"The far right is on the rise across Europe as a new generation of young, web-based supporters embrace hardline nationalist and anti-immigrant groups."
So says the Guardian in an article headed by a photograph of the psychopathic mass murderer Anders Breivic. In support of its contention the Guardian cites:
Research by the British thinktank Demos for the first time examines attitudes among supporters of the far right online. ... they persuaded more than 10,000 followers of 14 parties and street organisations in 11 countries to fill in detailed questionnaires. ... [the survey] reveals a continent-wide spread of hardline nationalist sentiment among the young, mainly men.See how the Guardian employs intellectual sleight of hand to link the beliefs of a broad section of the population, namely "the young, mainly men," about which the Guardian author offers no information at all, with attitudes expressed only by members of unspecified "parties and street organisations."
As the "parties and street organizations" are unidentified, we really have no idea who the Guardian is talking about.
Are they goose-stepping neo-Nazi groups, skinheads, BNP guys with raised fists, blokes wearing swastika armbands or with "fuck-off" tattooed on their foreheads, with whom the Guardian wishes us to identify all young European males? Or are they just ordinary young people, the sort of folks who might vote for the UK Independence Party?
And what, exactly was this "hardline nationalist sentiment" that was expressed by members of unspecified organizations in unspecified countries?
Well, for one thing, the Guardian tells us, they are "Deeply cynical about their own governments and the EU."
Wow, how dreadful. They're probably climate warming skeptics, which as everyone who reads the Guardian knows means they are actually climate denialists, aka holocaust deniers and rabid genocidal anti-Semites. Yeah, we definitely don't want to believe anything they do.
And then there's:
their generalised fear about the future [which] is focused on cultural identity, with immigration – particularly a perceived spread of Islamic influence – a concern.Sheesh. What dreadful people. And "fearful of the future." How irrational. We only face WWIII, enslavement by a plutocratic elite that owns all the politicians that count and plans to cull the World population down to 5% of the current number.

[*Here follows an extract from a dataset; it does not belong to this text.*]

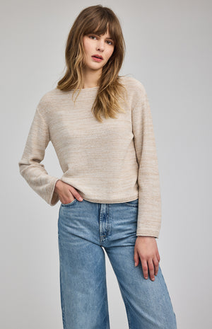 The Angie sweater is made of a yarn with a slub effect in a reverse jersey stitch. Features include a boat neckline and rolled hem details for a casual feel.
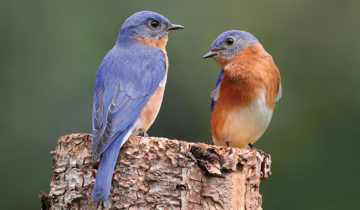 Eastern Bluebirds (Sialia sialis) are small thrushes that nest in tree cavities in open habitats such as meadows, fields, and forest openings. Competition from non-native European Starlings and House Sparrows, which also nest in cavities, led to a steep decline in the bluebird population. Conservationists responded in the 1970s, forming the North American Bluebird Society, which led an effort to erect wooden nest boxes. Today, Eastern Bluebirds are commonly seen in pastures, agricultural fields, and suburban parks, where they nest in boxes provided by concerned citizens and conservation organizations.

As for folks who care about their cultural identity -- "hardline nationalism" in Guardian-speak, obviously they must be a bunch of racially motivated cultural supremacists. I mean, why else would they object to a Muslim politician in Britain, a member of the last government, in fact, calling for the takeover of Parliament by Muslims?
Can you think of anything worse than seeking to preserve your own culture?
If you're a Guardian reader, evidently not.
Then the knock-out punch:
We're at a crossroads in European historythe Guardian quotes Emine Bozkurt, a Dutch MEP
In five years' time we will either see an increase in the forces of hatred and division in society, including ultra-nationalism, xenophobia, Islamophobia and antisemitism, or we will be able to fight this horrific tendency.Here we have a central tenet of the Guardian, lib-left, political-correctness-police mentality. If you are not for the destruction of your own race, culture and religious tradition, you're an ultra-nationalist, xenophobe, (xenophobia is illegal in Europe, by the way) Islamophobe and anti-Semite. (But on what evidence is the assertion of anti-Semitism based? None, actually.)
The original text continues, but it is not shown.